KC7: Crosscut Metadata Model Schema and Instances

KC7: Crosscut Metadata Model Schema and Instances

Description

  • Review and deep dive into the Crosscut Metadata Model
  • Update on release timeline
  • Update from Full Stacks on ingest plans
  • Discussion of metadata exchange between stacks
  • Feedback

Room Request

Conference room for approximately 15

Target Audience

  • KC7 participants
  • Full Stacks

Learn more about TOPMED

During this breakout session, the Data Stewards will give an in-depth presentation of their data, QC processes, curation, users and use cases.

Proposed by Mary Shimoyama

Data Commons Communication: Who, how, why, when

Description: We have probably all suffered from information overload or miscommunication during Phase 0 and Phase I of the DCPPC, and now, more than ever, we need to think about how to improve internal and external communication. This breakout group will discuss challenges and opportunities for communication including but not limited to social media, websites, newsletters, video interviews, blogs, infographics, publications, protocols, and best practices.
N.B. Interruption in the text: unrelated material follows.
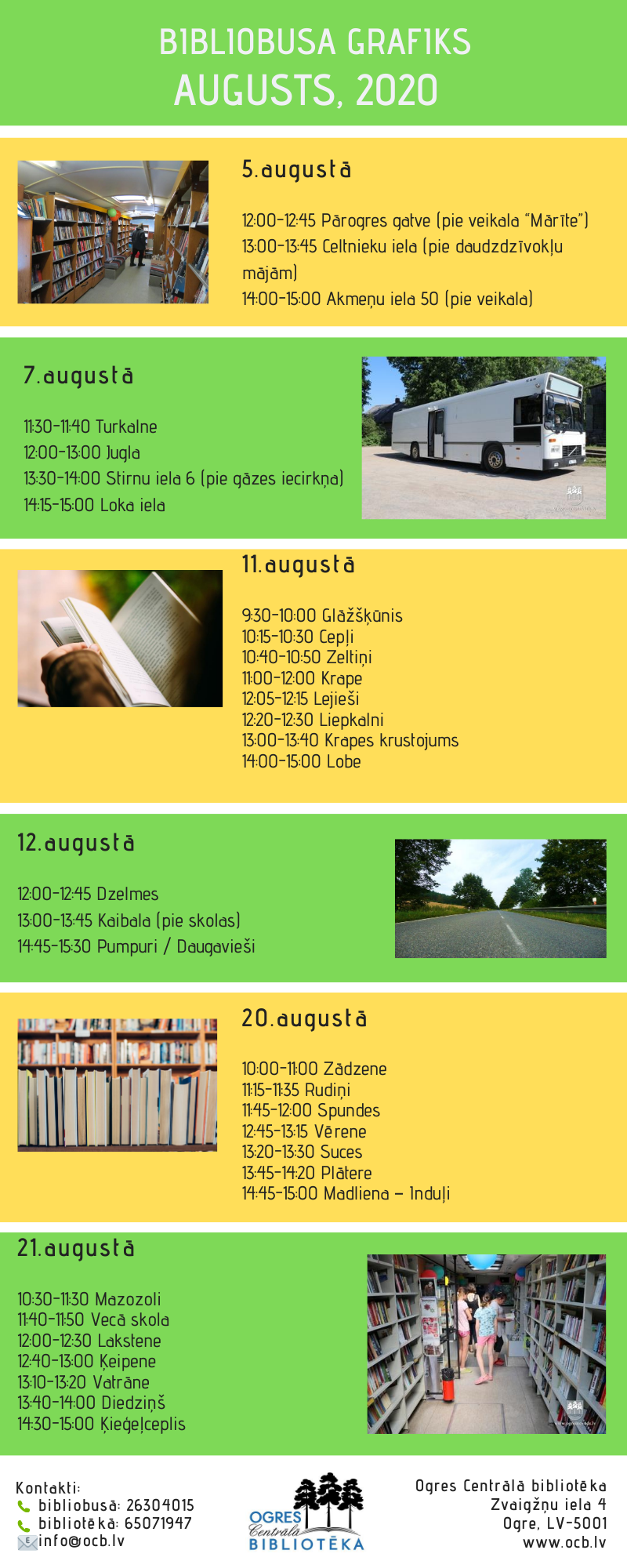 - tālr. bibliobusā – 26304015;

Audience: Anyone is welcome to attend. A small group of folks from NIH, Team Phosphorus and Team Copper have been meeting bi-weekly to discuss this, but we welcome extra input.

Room: An informal lounge area seems appropriate.

KC1 - Reporting about the Analysis of the FAIRness of >4,000 Published Bioinformatics Tools

Thanks for suggesting a breakout group! We have 6 conference rooms reserved that seat 6, 10, and 16 people as well as comfortable seating in lounges around the building.

Please provide the following:

  • Description
    KC1 would like to engage the consortium about what can be done to improve the state of bioinformatics tools and pipeline. Many tools disappear after publication, and there is currently no clear way to benchmark tools, and there are no requirements to make bioinformatics tools FAIRer. Megan Wojciechowicz performed a global analysis about the status of published bioinformatics tools and prepared a presentation that can initiate a discussion about this topic.
  • Type and size of room desired (conference room or lounge)
    Small room.
  • Target audience
    Phase II brainstorming enthusiastics

KC2 - GUID creation

Description
Discussion about GUID creation, related to DEMO GUIDs for TOPMed (https://github.com/dcppc/dcppc-deliverables/issues/58)

Type and size of room desired
Conference room for up to 10 people

Target audience
KC2, particularly Sodium and full stacks (Helium, Calcium and Xenon)

What data and where?

Description:
Let's align on the data each group has available and identify next steps to ensure that each full stack has the exact same data:

  • What are the data sets? Within each set, what are the expected data types? (WGS, RNAseq, etc.)
  • How many files are in each set?
  • Are they on AWS and GCP?
  • Compare manifests

Desired room:
Conference room, 10 or 16 people

Target audience:
Full stacks

All Things Auth

  • Description: A sidebar for those interested in working through some of the policy-based and technical approaches related to improved methods for authenticating and authorizing users for the Data Commons, including what we can do now/soon, and what we might want to do in the future.
  • Type and size of room desired (conference room or lounge): Large conference room preferred
  • Target audience: Full stacks, KC6, & those interested in topics related to whitelist, VDS, SDDP, Passport, DUOS, etc. (Note: This will not be a rehash of the meeting in NC, but instead a new conversation informed by those discussions.)

Day 2 Talks

Presenters can add their name here or in the comments below.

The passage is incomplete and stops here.